===== Material for the task
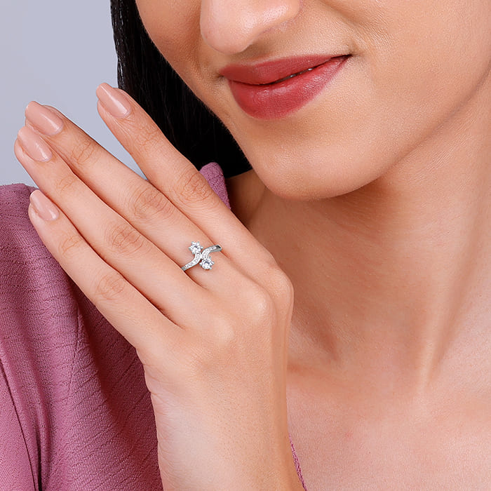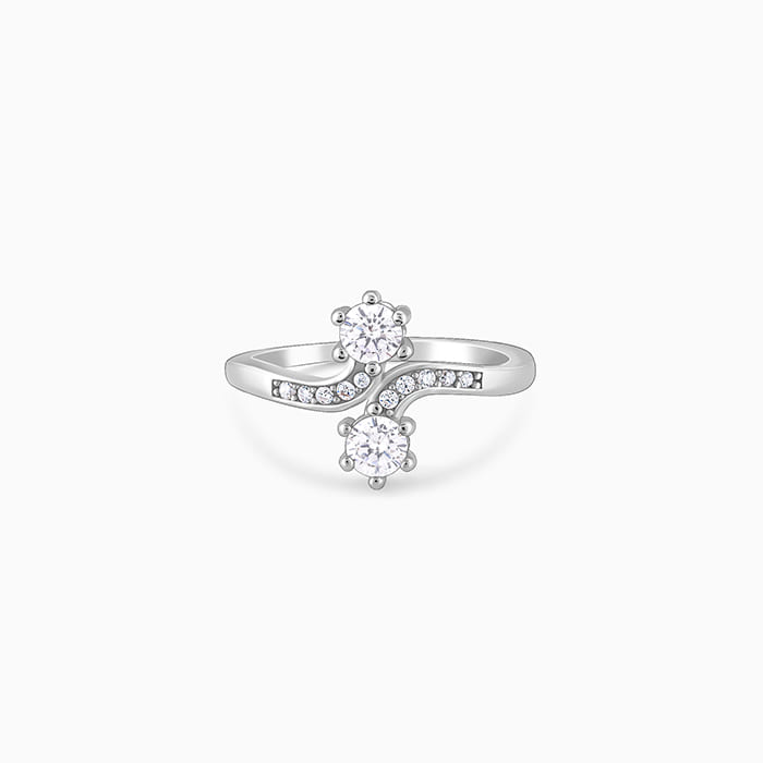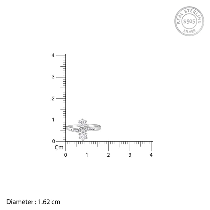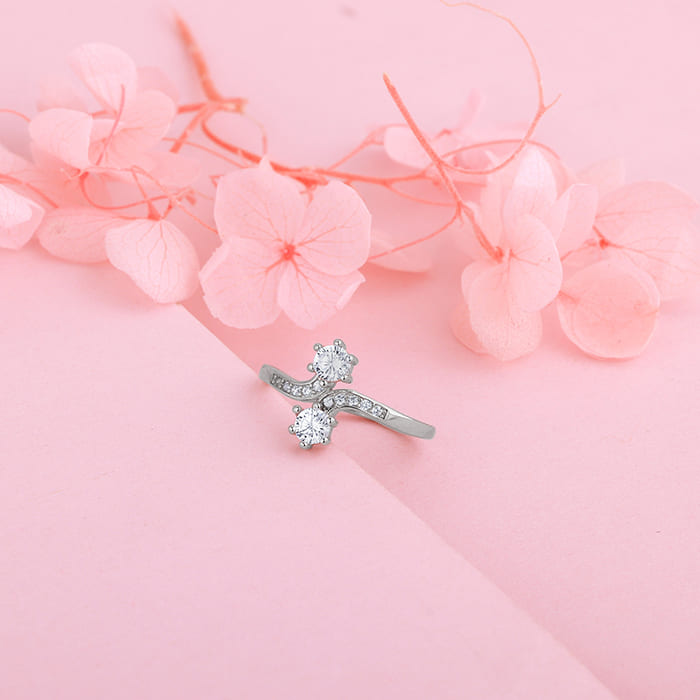 This silver ring features a dual flower motif at the centre with zircon studded in it.
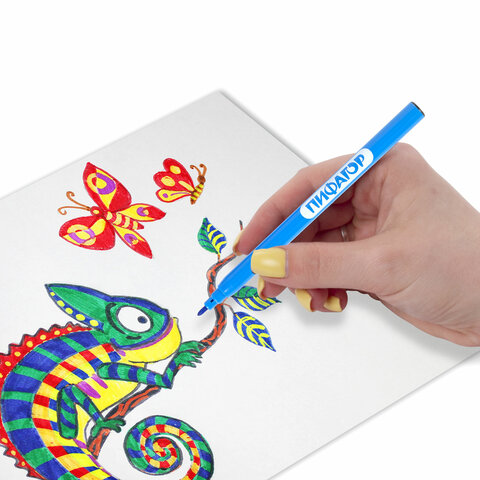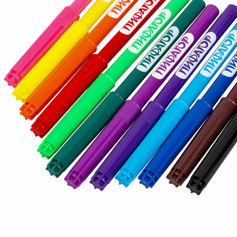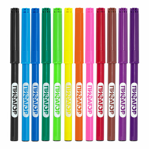 Фломастеры ПИФАГОР "Веселая такса" подарят отличные впечатления в процессе раскрашивания каждому ребенку. Рисование способствует развитию мелкой моторики рук у детей, координации движений кистей и пальцев, что благоприятно влияет на творческое мышление.<br><br>Обладают яркими цветами в количестве 12 штук. Имеют удобную круглую форму корпуса, длина которого 145 мм, а диаметр - 8 мм. Благодаря толщине линии письма 1 мм и диаметру пишущего узла 1,8 мм процесс раскрашивания становится легким. Длина письма составляет 600 м: такого расхода хватит надолго. Фломастеры легко смываются с большинства материалов и кожи. Корпус изготовлен из качественного полипропилена, который значительно продлевает срок службы фломастеров. Колпачок оснащен специальными прорезями для вентиляции, которые делают использование фломастеров более безопасным. Рекомендованы для детей от 3-х лет.<br><br>Количество цветов: 12<br>Форма корпуса: круглая<br>Эффект чернил: без эффекта<br>Тип чернил: смываемые<br>Серия: Веселая такса<br>Ширина линии письма: 1 мм<br>Пишущий узел: 1.8 мм<br>Длина письма: 600 м<br>Длина корпуса: 145 мм<br>Диаметр корпуса: 8 мм<br>Вентилируемый колпачок: да<br>Упаковка: ПВХ-конверт с европодвесом
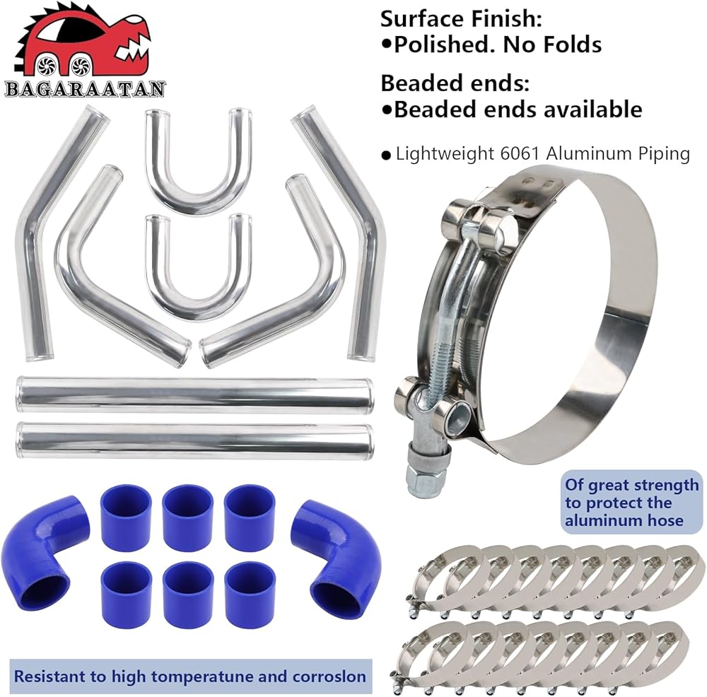【كمية التعبئة】تتضمن مجموعة أنابيب المبرد الداخلي 2x أنابيب ألومنيوم مستقيمة، 2x أنابيب ألومنيوم 45 درجة، 2x أنابيب ألومنيوم 90 درجة، 2x أنابيب ألومنيوم U، 2x 90 درجة خرطوم سيليكون، 6x خرطوم مستقيم، 16x مشابك على شكل حرف T من الفولاذ المقاوم للصدأ. القطر الخارجي للأنبوب: 3 بوصات، طول أنبوب الألومنيوم: 23.62 بوصة / 60 سم، السمك: 1.8 ملم.
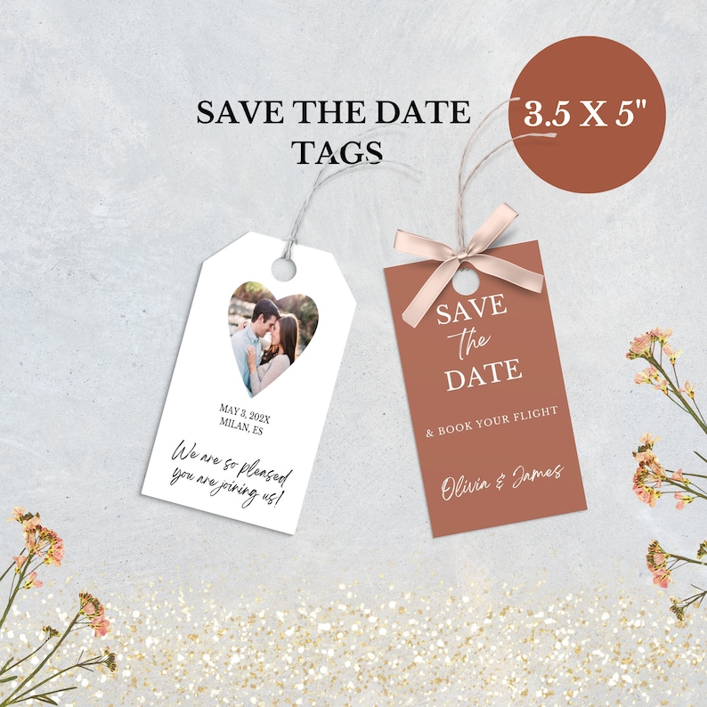 Silver and Blush Passport Luggage Tag Save the Date Card Travel
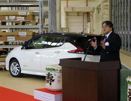 また、5月から始める有償交換プログラムでは、新品なら65万円の容量の電池を、30万円で提供。劣化が進んだ電池パックは、電動フォークリフトや工場電源バックアップ設備などに転用する。日産の坂本秀行副社長は「ここでつくった仕事のやり方を、世界中が見習っていくことになる」と強調した。
==========
Task goal:
The stretch above running from the line with "ПВХ-конверт с европодвесом" through the line with "Silver and Blush" is all you should copy, exactly, leaving out the pictures.

Answer:
 Фломастеры ПИФАГОР "Веселая такса" подарят отличные впечатления в процессе раскрашивания каждому ребенку. Рисование способствует развитию мелкой моторики рук у детей, координации движений кистей и пальцев, что благоприятно влияет на творческое мышление.<br><br>Обладают яркими цветами в количестве 12 штук. Имеют удобную круглую форму корпуса, длина которого 145 мм, а диаметр - 8 мм. Благодаря толщине линии письма 1 мм и диаметру пишущего узла 1,8 мм процесс раскрашивания становится легким. Длина письма составляет 600 м: такого расхода хватит надолго. Фломастеры легко смываются с большинства материалов и кожи. Корпус изготовлен из качественного полипропилена, который значительно продлевает срок службы фломастеров. Колпачок оснащен специальными прорезями для вентиляции, которые делают использование фломастеров более безопасным. Рекомендованы для детей от 3-х лет.<br><br>Количество цветов: 12<br>Форма корпуса: круглая<br>Эффект чернил: без эффекта<br>Тип чернил: смываемые<br>Серия: Веселая такса<br>Ширина линии письма: 1 мм<br>Пишущий узел: 1.8 мм<br>Длина письма: 600 м<br>Длина корпуса: 145 мм<br>Диаметр корпуса: 8 мм<br>Вентилируемый колпачок: да<br>Упаковка: ПВХ-конверт с европодвесом
【كمية التعبئة】تتضمن مجموعة أنابيب المبرد الداخلي 2x أنابيب ألومنيوم مستقيمة، 2x أنابيب ألومنيوم 45 درجة، 2x أنابيب ألومنيوم 90 درجة، 2x أنابيب ألومنيوم U، 2x 90 درجة خرطوم سيليكون، 6x خرطوم مستقيم، 16x مشابك على شكل حرف T من الفولاذ المقاوم للصدأ. القطر الخارجي للأنبوب: 3 بوصات، طول أنبوب الألومنيوم: 23.62 بوصة / 60 سم، السمك: 1.8 ملم.
 Silver and Blush Passport Luggage Tag Save the Date Card Travel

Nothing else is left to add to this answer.